Glomus tympanicum tumors arise in the middle ear, along the tympanic nerve. Most patients have pulsatile tinnitus and present with an aural “polyp” or a middle ear mass that can be seen with pneumatic pressure on the tympanic membrane. Hearing loss and vertigo are common.
Other rare sites of glomus tumor formation are along the vagus nerve in the neck
(glomus vagale) and in the larynx.
Glomus tumors present predominantly in the fifth decade of life or later and occur rarely in children.
Evaluation includes angiography, retrograde jugular venography, and CT scan. Biopsy should be avoided.
Up to 10% of patients with a glomus tumor will have associated bilateral glomus tumor, carotid body tumor, thyroid carcinoma, or other neural crest tumors.
Four-vessel carotid arteriography should be done.
Some tumors have endocrine activity that can lead to serious problems such as hypertensive crises during anesthesia. Serum and urine tests should be obtained to screen for endocrine activity and should also include screening for catecholamine, vanillylmandelic acid, and metanephrine.
The treatment of choice is surgical excision.

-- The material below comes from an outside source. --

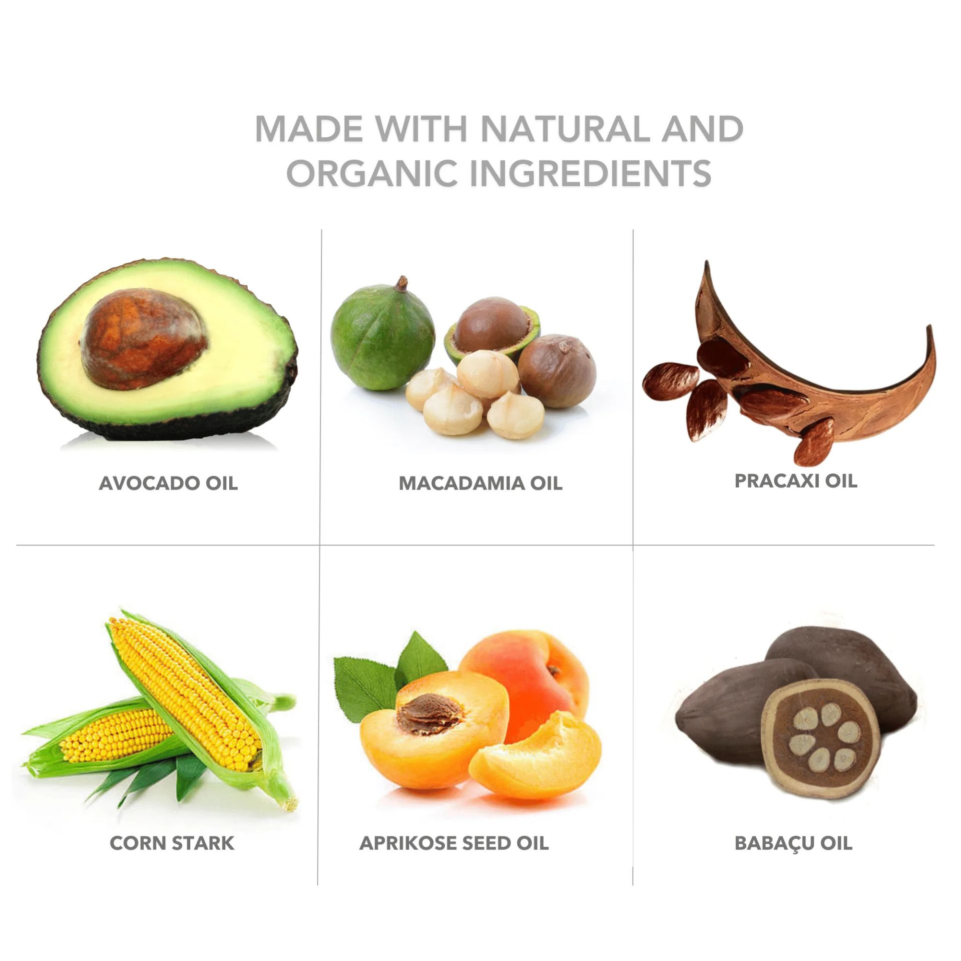 Wertvolle Öle wie Buriti-, Babaçu-, Avocado- und Karanjaöl pflegen intensiv, versorgen die Haut mit Feuchtigkeit und schützen sie vor dem Austrocknen. Antioxidativ wirksames Vitamin E stärkt die Hautbarriere und bewahrt ein frisches Aussehen.

This procedure is easily carried out for small tympanicum tumors but can carry significant morbidity in patients with large tumors because of intracranial extension, hemorrhage, facial paralysis, and recurrence.
Glomus tumors are radiosensitive but not radiocurable.
New skull base surgical techniques have rendered essentially all lesions in this area resectable, and radiation should probably be reserved for recurrences, minimal residual disease, and patients who are physically unfit for surgery.
B
Other rare malignant vascular lesions are found in the head and neck.
Angiosarcomas arise from the vascular endothelial cells.
Characteristics. They grow quickly, extend through the dermis, and frequently metastasize. The most common site on the head or neck is the scalp.
Treatment. The only chance for a cure is complete excision.
Hemangiopericytoma arises from the pericytes of Zimmermann, which are wrapped around precapillary arterioles.
Characteristics. Approximately 25% are found in the head and neck. They are locally invasive and display an inconsistent malignant potential. Distant metastasis is not uncommon, but nodal spread is rare.